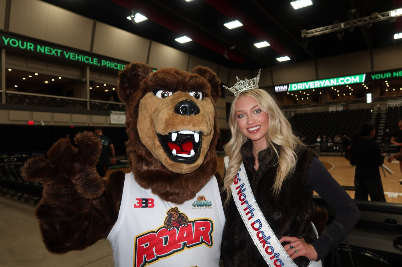 Miss North Dakota 2025 Kennedy Delap attended the first home games of the 4 Bears Roar over the weekend as they took on the Mesquite Desert Dogs. Miss North Dakota helped with halfcourt shots, took plenty of photos, and was the official game ambassador.
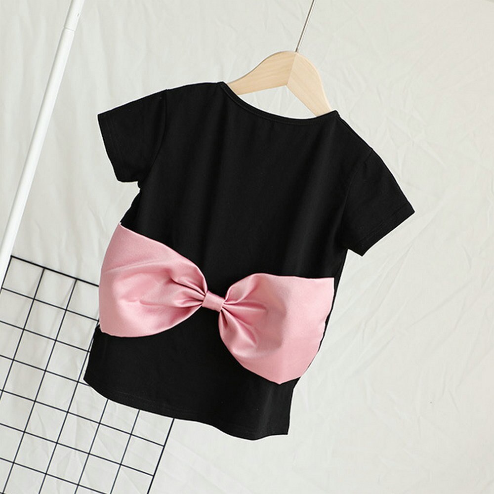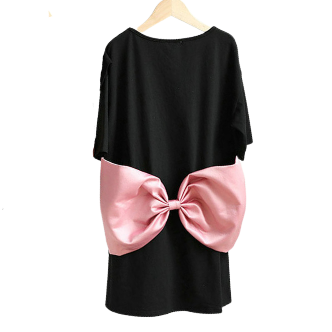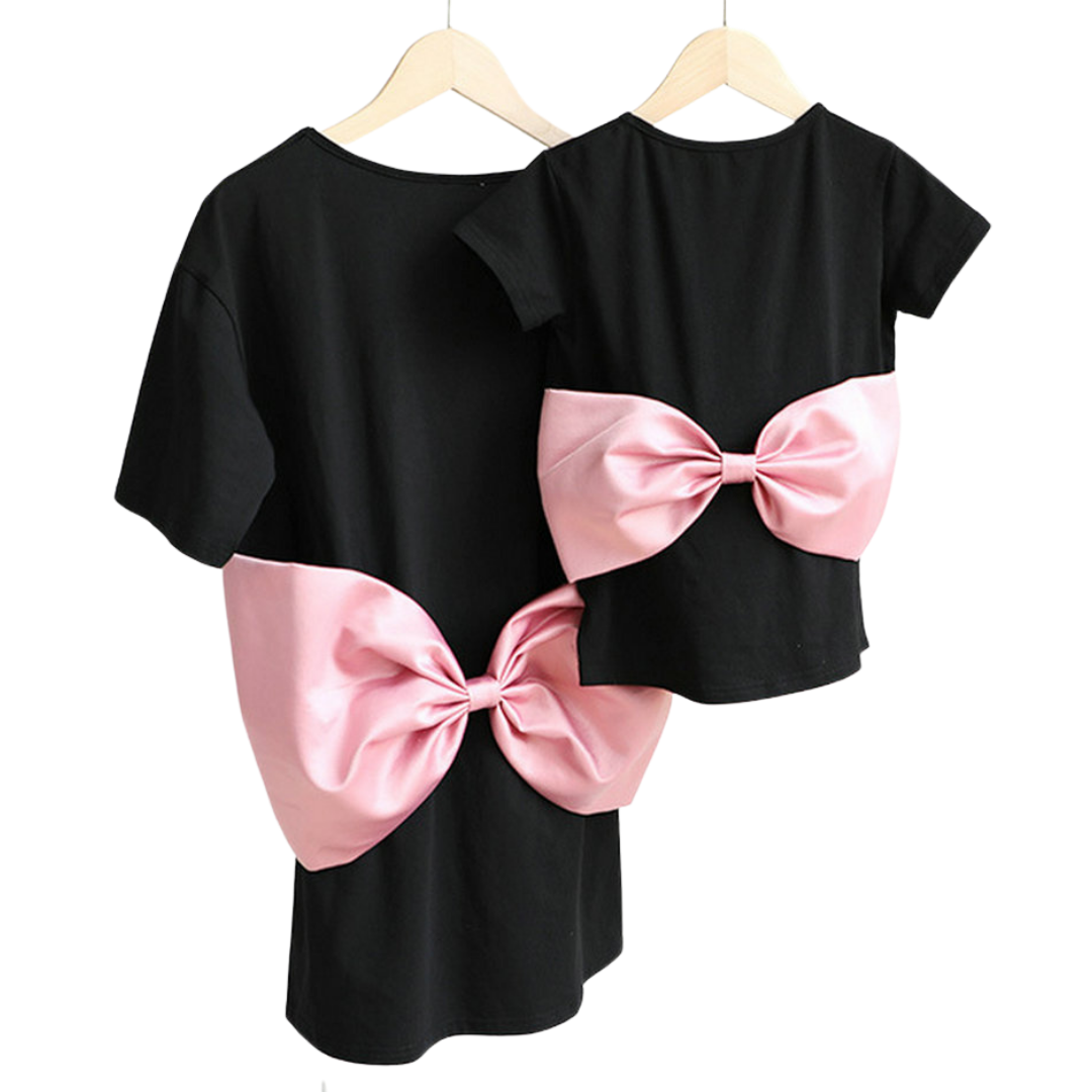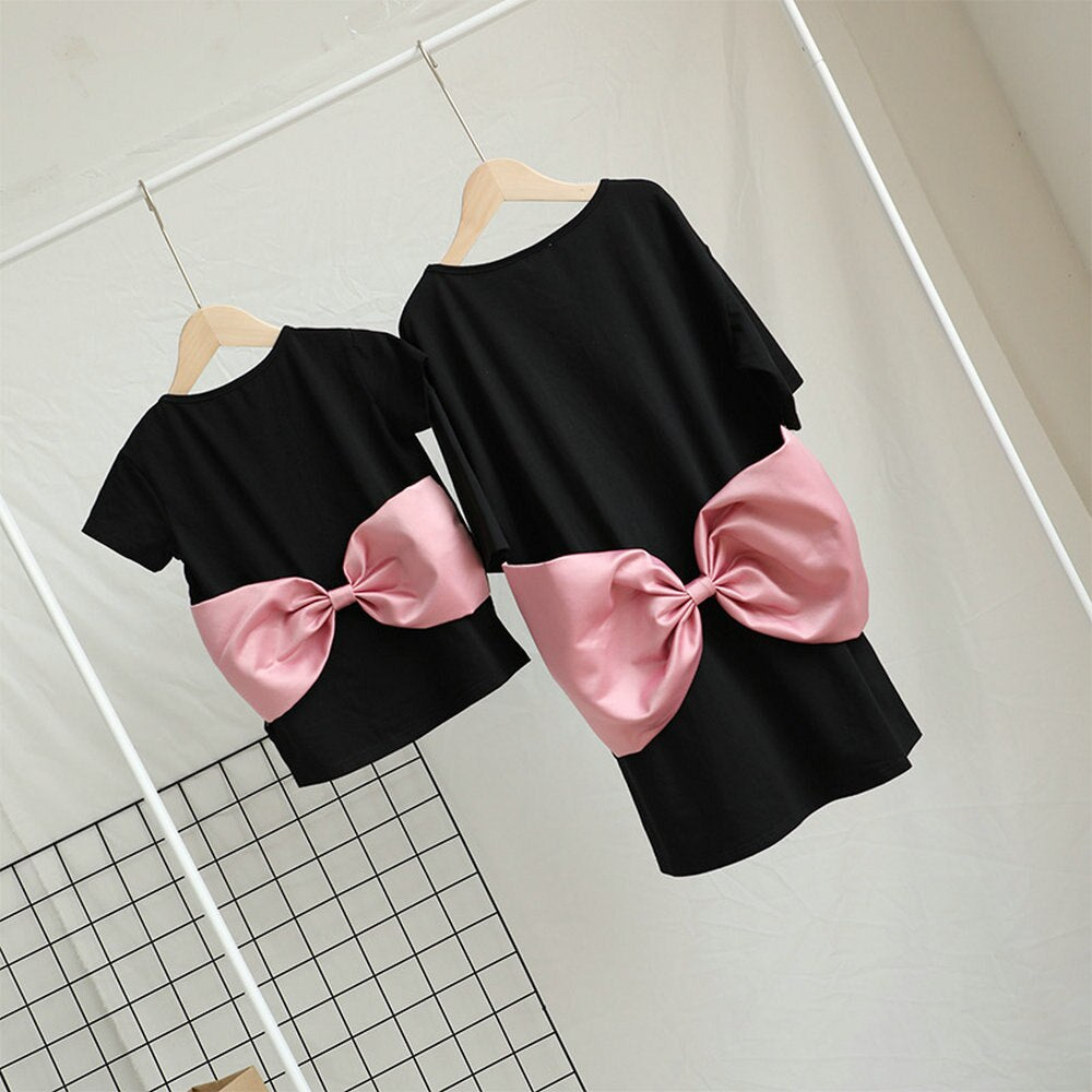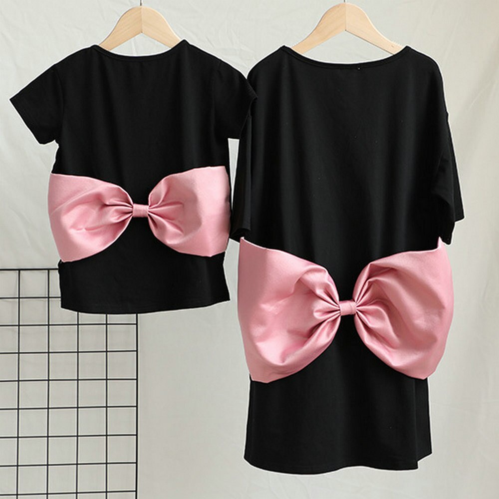 Vestido estilo camiseta rosa con diseño de lazo grande para mamá y yo
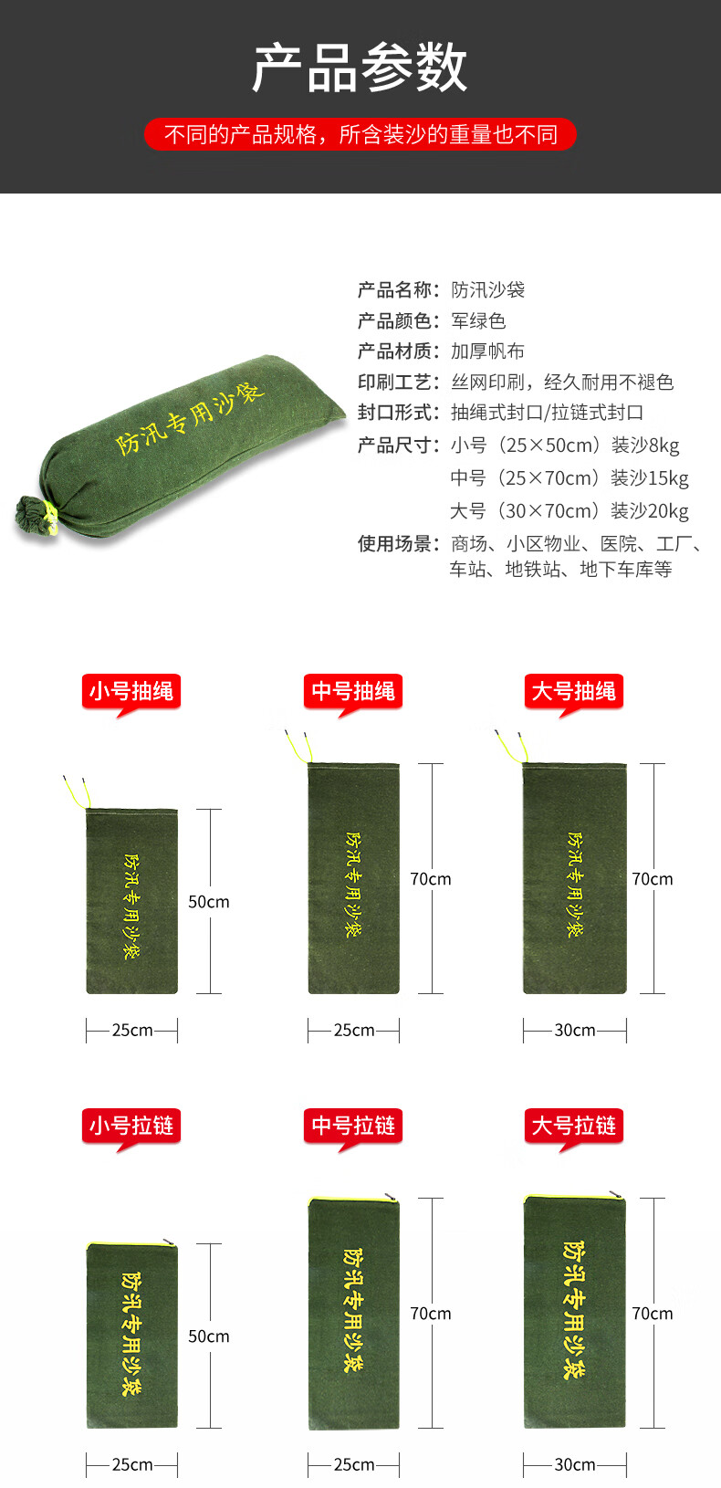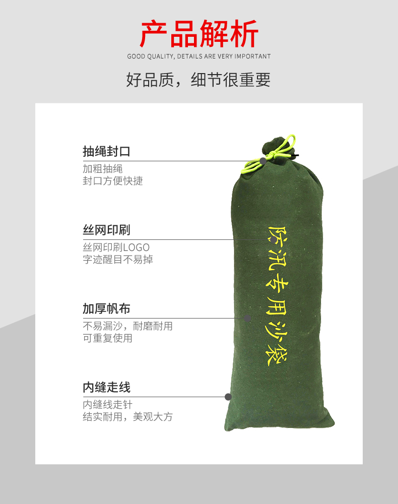 援邦 防汛沙袋 FXSD-PZ-700x300 700x300mm 不含沙 军绿色 膨胀款 1条

**The task:** Please set the data above down exactly, with the pictures removed.

**Written reply:**
 Miss North Dakota 2025 Kennedy Delap attended the first home games of the 4 Bears Roar over the weekend as they took on the Mesquite Desert Dogs. Miss North Dakota helped with halfcourt shots, took plenty of photos, and was the official game ambassador.
 Vestido estilo camiseta rosa con diseño de lazo grande para mamá y yo
 援邦 防汛沙袋 FXSD-PZ-700x300 700x300mm 不含沙 军绿色 膨胀款 1条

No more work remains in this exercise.